How about we stop trying to set a strict guideline for how mods deal with users and leave it up to their discretion? The stricter a system is, the easier it is to manipulate, at least in my experience.


----------



## Volkodav (Jun 29, 2011)

CannonFodder said:


> What about if you get another infraction within x amount of time after coming back from a temp ban the infraction lasts longer and/or if you get another temp ban within x amount of of your last temp ban this temp ban is longer considering how close they are together.
> 
> Like if person a off the bat of coming back from a temp ban and gets another infraction within 10 minutes the next infraction is considerably longer.


p sure that's how it works
some infractions last longer than otehrs


----------



## ramsay_baggins (Jun 29, 2011)

I'd just like to throw in my experience here:

Banning someone permanently is not taken lightly. Many different things are taken into consideration and discussed at length. It is not as 'random' or 'whimsical' as many people seem to think it is. Far from it, in fact.


----------



## ArielMT (Jun 29, 2011)

Browder said:


> Having witnessed the process of only one perma-ban I'll do my best to fill y'all in. Keep in mind I am posting from my phone so my answers may be summarized.
> 
> Users incurr a temp-ban if they accumulate three infractions or if the moderator, in concert with more moderator or admin approval, decide they need a break. Users can be perma banned point blank only if they're actions and history have shown them to be unabsolvable (often if they've incurred a temp ban or two). Especially if they act in such a way to threaten either the forums, it's users, or it's management system. Before perma-banning anyone the issue is talked over although an admin always has the final say.
> 
> Helpful?



Usually, more than one admin and a lot of mods have a say.



CannonFodder said:


> But what about users that wait until their infractions expire and then behave like the rules don't exist?
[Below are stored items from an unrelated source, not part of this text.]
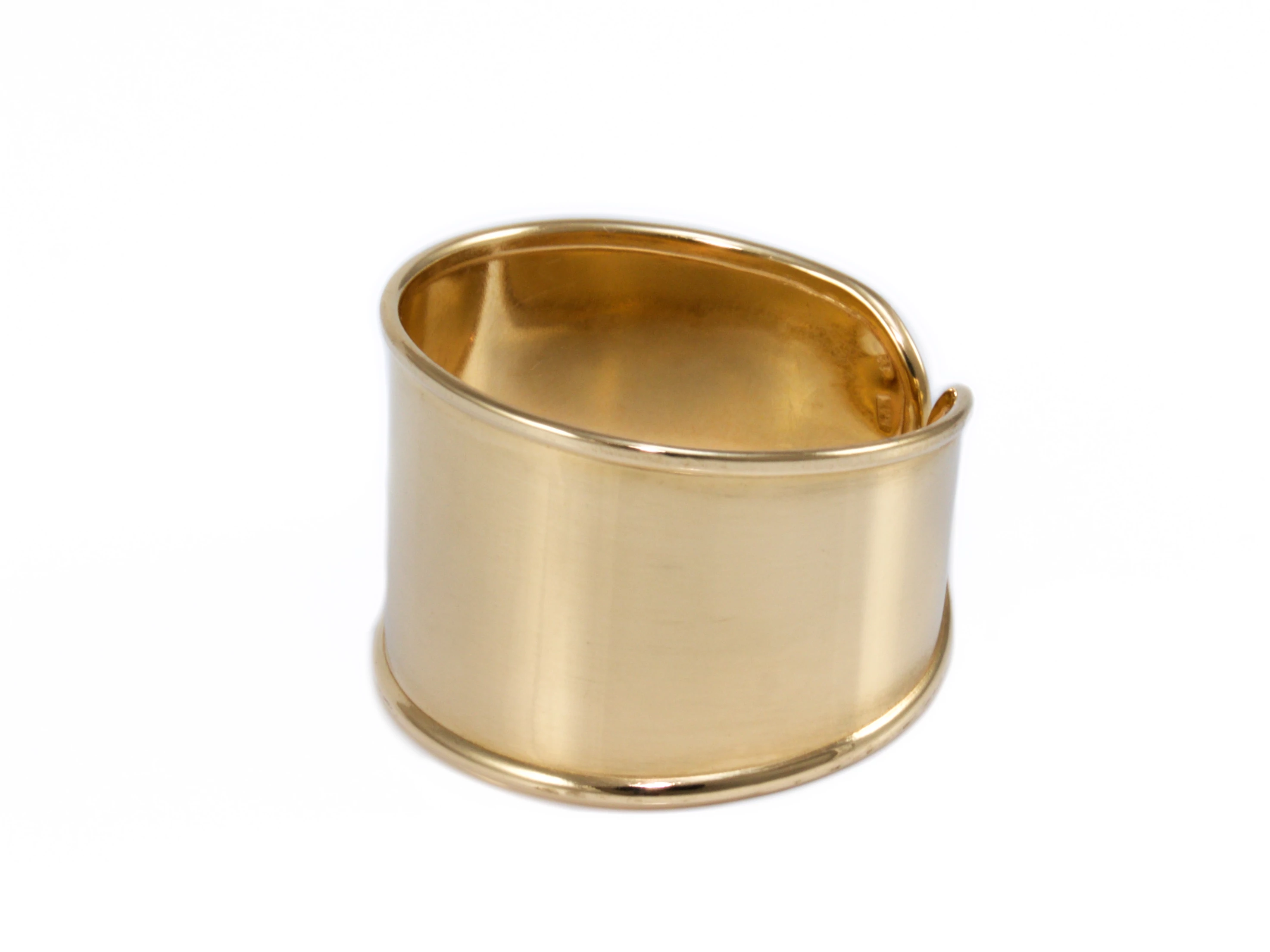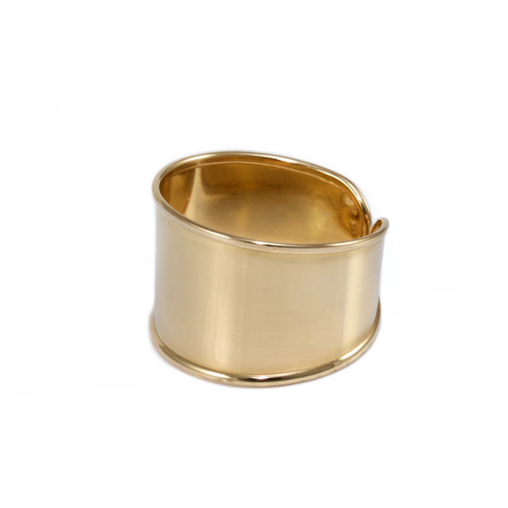 Modern stílusú, alul nyitott, fényes, könnyű súlya ellenére igen mutatós arany palástgyűrű.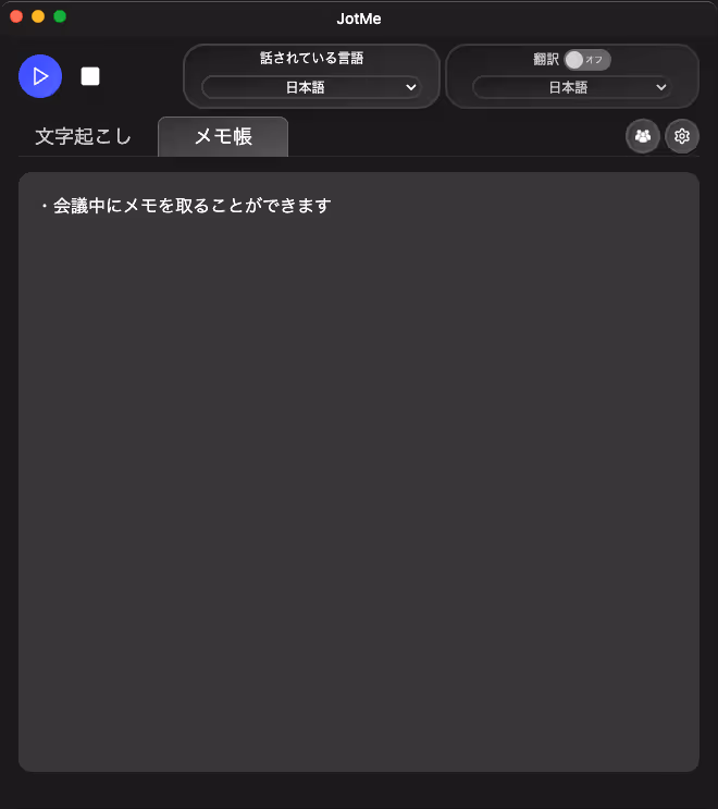 まず、JotMeウィンドウの「翻訳」がオンになっている場合はオフにしてください。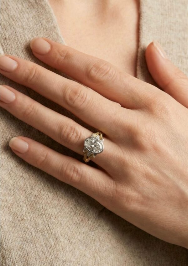 Mixed golds frame the diamond with warmth and contrast, while carefully considered proportions ensure comfort, durability, and everyday wearability.
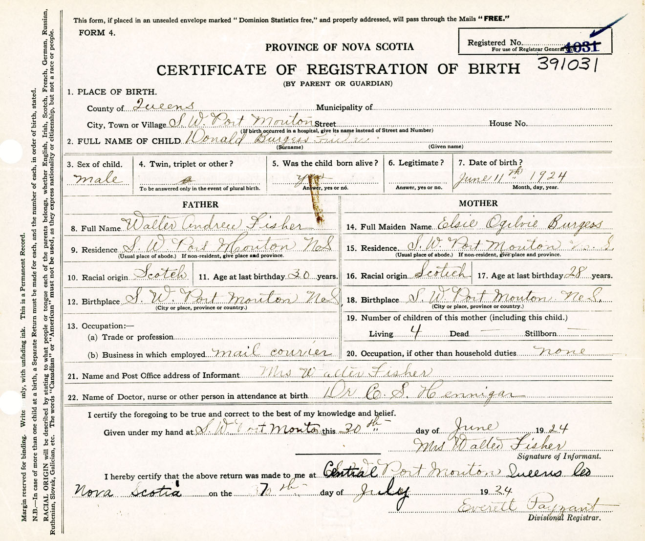 Male Birth Registration: Year: 1924 number: 39100031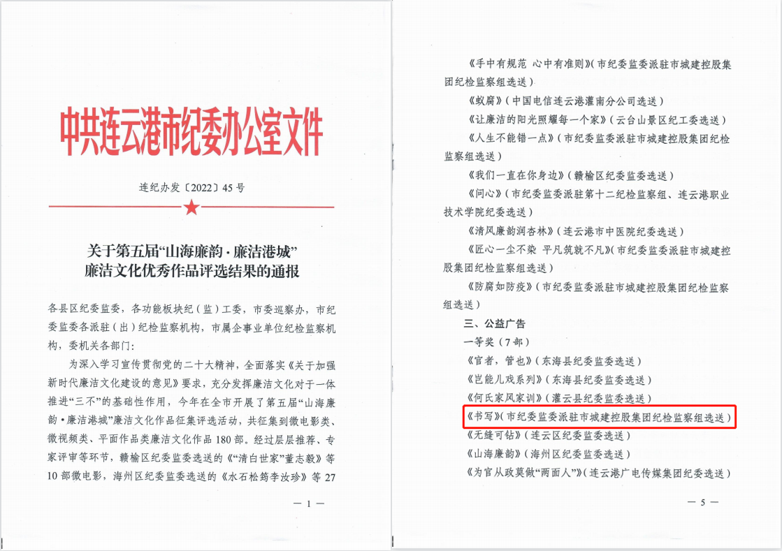 为深入学习宣传贯彻党的二十大精神,全面落实《关于加强新时代廉洁文化建设的意见》要求,今年连云港市纪委在全市开展了第五届“山海廉韵·廉洁港城”廉洁文化作品征集评选活动。公交星空app最新版下载,星空(中国)积极组织职工投递作品参选,其中王琰创作的平面作品《书写》荣获公益广告类一等奖。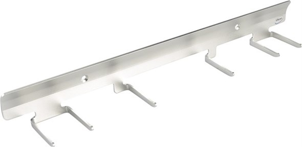 Stainless steel wall bracket featuring ultra-hygienic design. A special mount ensures distance to the wall, ensuring easy cleaning between the bracket and wall. Store cleaning tools on wall brackets to increase their durability.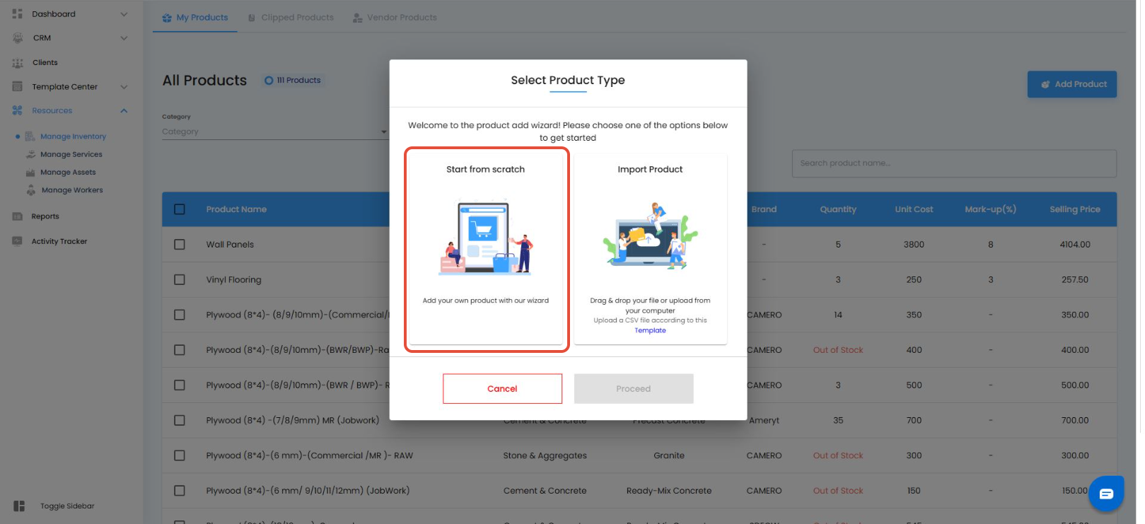 - Choose "Start from Scratch" as the product type and click Proceed.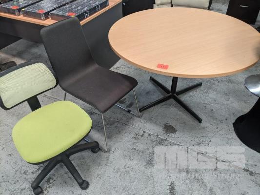 ROUND OFFICE TABLE, 120cm DIAMETER & 2 x CHAIRS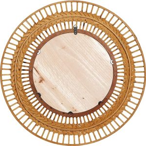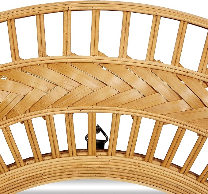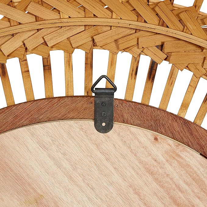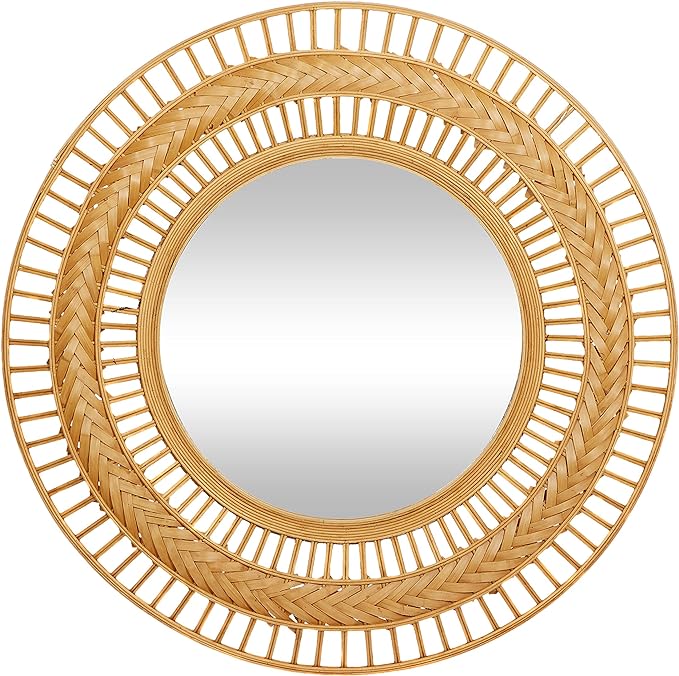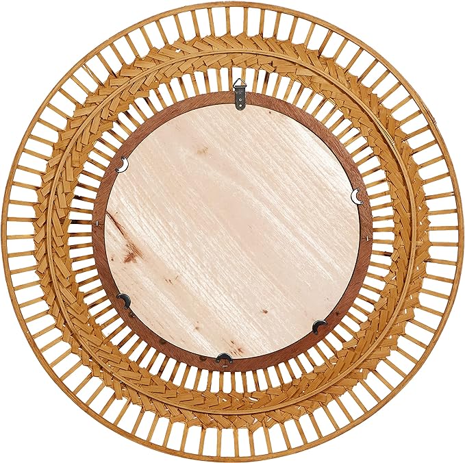 - FEATURES ROUND WALL MIRROR This round decorative wall mirror showcases a sunburst-inspired frame made of natural rattan forming a uniquely captivating braid pattern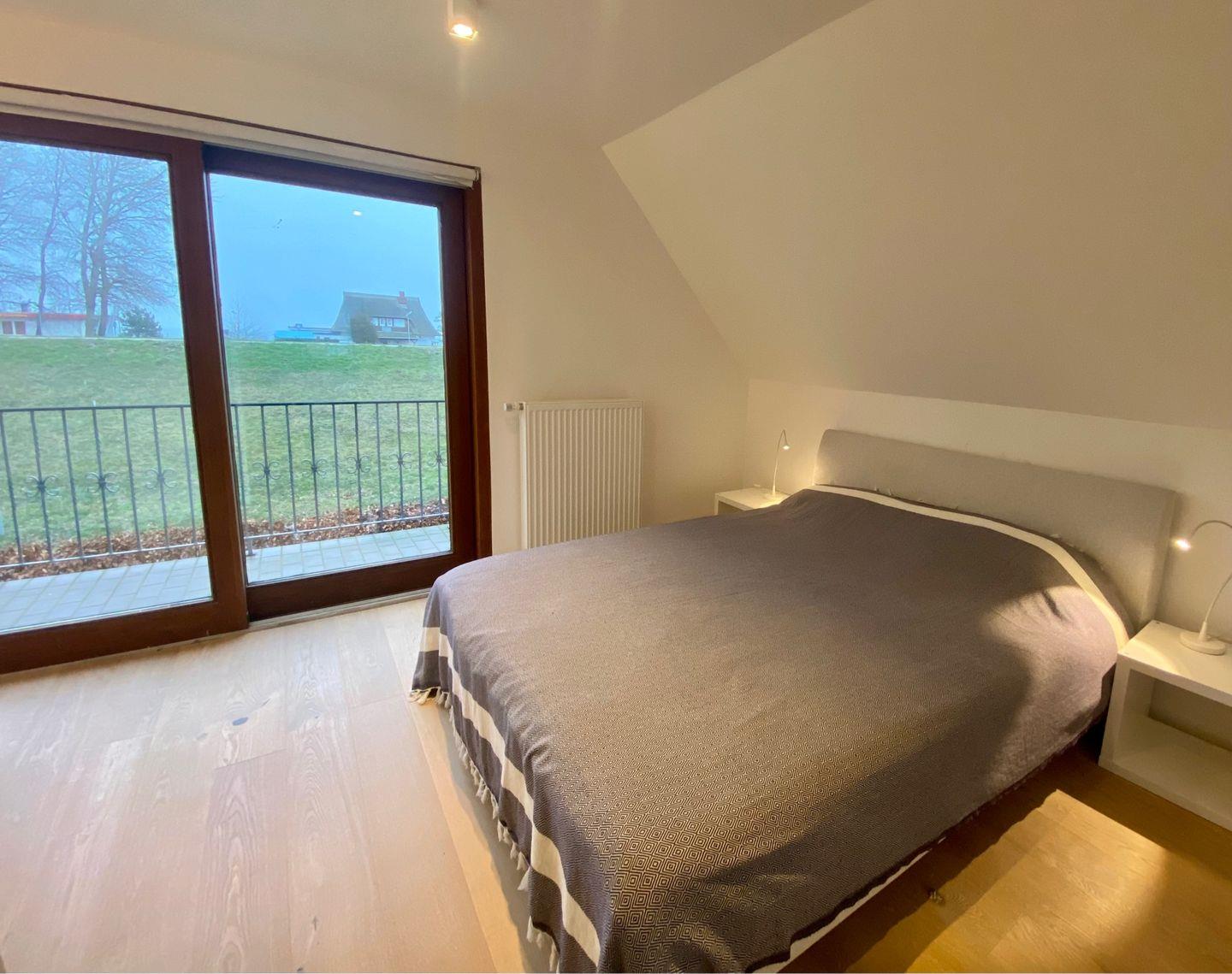 Hier haben Sie einen tollen Meerblick vom Schlafzimmer im ersten OG und gehen nur ca. 100 Meter bis zum Strand und zur Seebrücke.

That's what we had before we instituted the general three temp-bans rule: we'd just infract and infract, and the only thing that happened as a result of infractions was moderated posting status.  It used to be that 3 points meant you couldn't post a new thread and 5 points meant you couldn't post at all without going through the moderated post queue.  Under that system, every single ban, temporary or otherwise, was like an act of Congress.

The current system lets us automate temporary bans so that we don't have to dig through a user's ban history when considering permanent bans.  Our memory as a whole is usually good enough.



SIX said:


> I think the truthful answer is "It's subjective".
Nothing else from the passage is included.